* _Activity_: Could you output the whole listing exactly as it stands, minus any images?

* _Source material_:

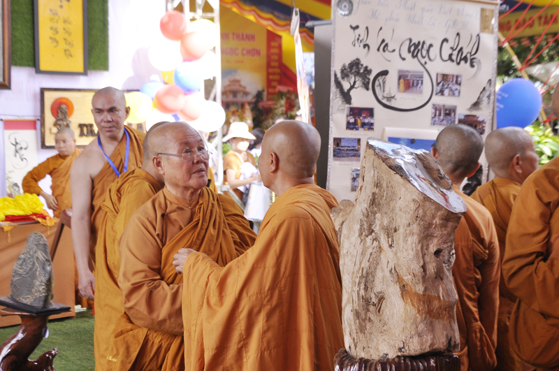 Tiếp sau đó, Ban Tổ chức cung thỉnh tam vị Hòa thượng: HT. Giác Hùng; HT Giác Phùng; HT Giác Trí trao tặng hoa cho các cá nhân có nhiều đóng góp trong việc mở phòng triển lãm. Đó là: Phật tử Thạch Triệu Mẫn đã đóng góp các tác phẩm đá quý; Phật tử Trần Thanh Kiệm đã góp tác phẩm Gỗ Lửa; Huynh trưởng Nhuần Hoằng – Vũ Đình Huy (Liên đoàn trưởng Gia đình Phật tử Ngọc Chơn)
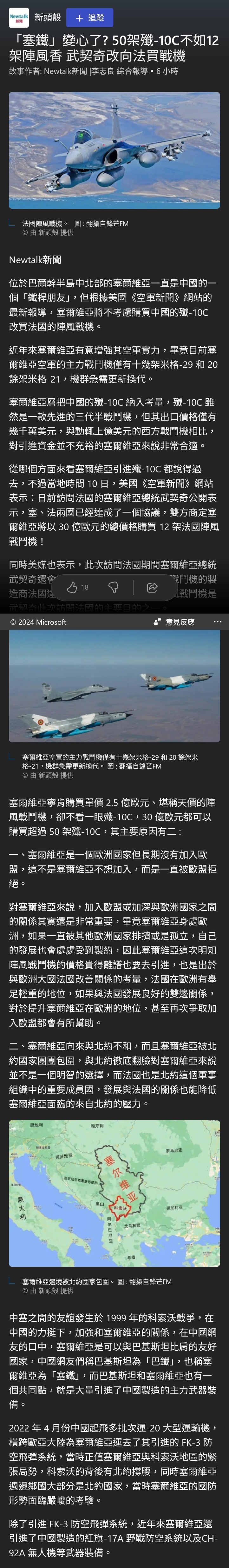 rivegauche1979 wrote:連塞爾維亞都不要消聾...(恕刪) 基本上 以目前"笑龍" J-10這種外銷表現..連第三世界國家都沒怎敢收只要有點良知 臉皮沒有厚到核彈打不穿的粉紅是吹不出這玩意兒有多強多猛的...除了中低階無人機外....口國現在所有吹很大的"新銳武器"戰機 軍艦 飛彈等....別說實戰驗證能力 連拿得出手的銷售成績都沒有...
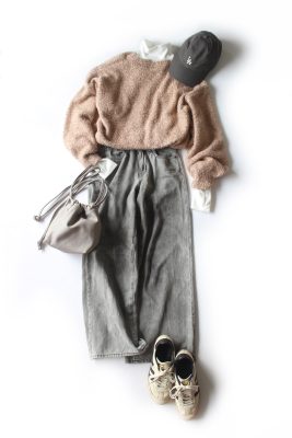 - 細リブニットで作る大人の甘辛モノトーンと体型カバー法【40代の毎日コーデ】

* _Written response_:
 Tiếp sau đó, Ban Tổ chức cung thỉnh tam vị Hòa thượng: HT. Giác Hùng; HT Giác Phùng; HT Giác Trí trao tặng hoa cho các cá nhân có nhiều đóng góp trong việc mở phòng triển lãm. Đó là: Phật tử Thạch Triệu Mẫn đã đóng góp các tác phẩm đá quý; Phật tử Trần Thanh Kiệm đã góp tác phẩm Gỗ Lửa; Huynh trưởng Nhuần Hoằng – Vũ Đình Huy (Liên đoàn trưởng Gia đình Phật tử Ngọc Chơn)
 rivegauche1979 wrote:連塞爾維亞都不要消聾...(恕刪) 基本上 以目前"笑龍" J-10這種外銷表現..連第三世界國家都沒怎敢收只要有點良知 臉皮沒有厚到核彈打不穿的粉紅是吹不出這玩意兒有多強多猛的...除了中低階無人機外....口國現在所有吹很大的"新銳武器"戰機 軍艦 飛彈等....別說實戰驗證能力 連拿得出手的銷售成績都沒有...
 - 細リブニットで作る大人の甘辛モノトーンと体型カバー法【40代の毎日コーデ】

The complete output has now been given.